Yes you could write Var Foo : integer; Foo := 42;
DeleteYou could also write Var Foo : integer = 42; (in the global name space). But this notation won't work with local variables. If the syntax was allowed for local variables (and they would be allocated in the data segment and not the stack segment, thus preserving their (current) value across calls), then I could go away from using assignable consts (which aren't consts anyway).
Frames have their uses. I have a form where up to 9 instances of the same Frame are displayed in a Flowpanel.
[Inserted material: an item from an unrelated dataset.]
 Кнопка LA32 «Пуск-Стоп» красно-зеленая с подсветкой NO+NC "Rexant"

It works well and saved a lot of time.
ReplyDeleteWhat I hate are variables declared above subroutines and changes to these variables within the routines ... You can do it but you shouldn't!
ReplyDeleteI don't like the concept of the subroutines either it makes code less testable at least in Delphi 2007 without mocking libraries. I don't know if it gets better with a newer version at that end.
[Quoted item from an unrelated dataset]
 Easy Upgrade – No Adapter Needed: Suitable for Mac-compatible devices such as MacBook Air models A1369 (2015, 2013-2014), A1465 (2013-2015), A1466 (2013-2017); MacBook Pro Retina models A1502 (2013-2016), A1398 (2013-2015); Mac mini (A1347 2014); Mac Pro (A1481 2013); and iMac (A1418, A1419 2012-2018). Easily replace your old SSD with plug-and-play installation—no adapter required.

I don't like that it's allowed to write methods which don't belong to a class and can be directly called outside of the unit. Same goes for consts/vars
And there are many more things I realy think should not or only seldom be used.
I actually like inner functions (function inside function) but I know that it decreases readability for some people. I'd be willing to bend in anyone's direction on this one, if they'll agree with me that WITH is evil and should be removed with extreme prejudice, or whatever.
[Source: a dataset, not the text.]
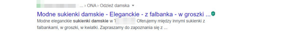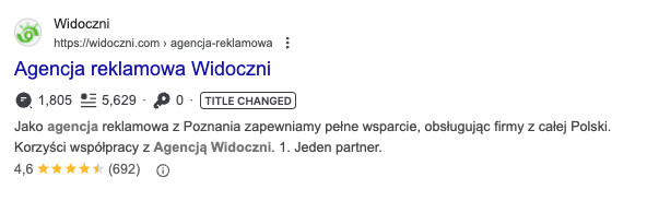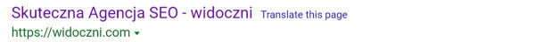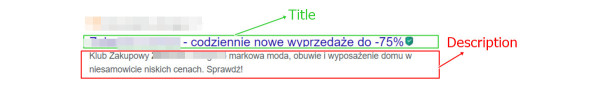 Prawidłowo zoptymalizowane meta tagi - title i description - widoczne w wynikach wyszukiwania Google.

Delete@Ludwig: I'm not sure of any problem having a methods that are independent (ie no dependancies on other variables) defined in the interface of a unit rather than having that same function defined as a method of a class. The function can be unit tested, is easier to call (no need to create and destroy a class instance) and is how many methods of the system libraries are implemented.
Delete@Steve If your class methods don't rely on "Self" or any class variables you don't need to create that class in order to call them.
DeleteAnd if it does maybe declaring those methods/variables as class methods and class variables would do the trick since class variables and class methods get initialized during unit initialization.
You are right there is no problem with having these functions if you don't use them too often or more for library like methods. But in our codebase we got over 13000 of these independent methods/variables/consts and often they are not in the unit where they should be. With a proper class arount them this wouldn't have happened (or less often) because you would think more where the method belongs. Additionally you can avoid accidentially overlapping names for methods in different units, which happens pretty fast.
DeleteI have to say that our codebase is more than 4000000 lines of legacy code so its quite cluttered.
(I moved my comment sry for double posting)
This comment has been removed by the author.
ReplyDeleteWITH statement very useful when you have to access several components that are in other forms
ReplyDeleteBut it hurts code readability big time especially if you have multiple forms whose components naming follows similar or same pattern.
DeleteAnd code readability is what is more important than how fast can you write the code.
What benefit is there if today you write your code in 10 minutes instead of 20 minutes when someday in the future you might have to spend about half and hour just to figure out what each part of this code does because of its poor readability?
Just subscribed via a 'feeds to email' service, I want to see an example explaining "I have even forced non-visual-inheritance using an interposing class". I agree that DFM inheritance can put you in trouble, especially when refactoring a complex UI, but it really provides benefits that you can't lose, I wonder, if you approach will allow the benefit of 'visual form inheritance', while cleaning out the hassles caused by the fact that DFM inheritance is not fully controllable due to parts of it works in a black-box.
ReplyDeletethanks a lot for the post,keep sharing best blogs in future.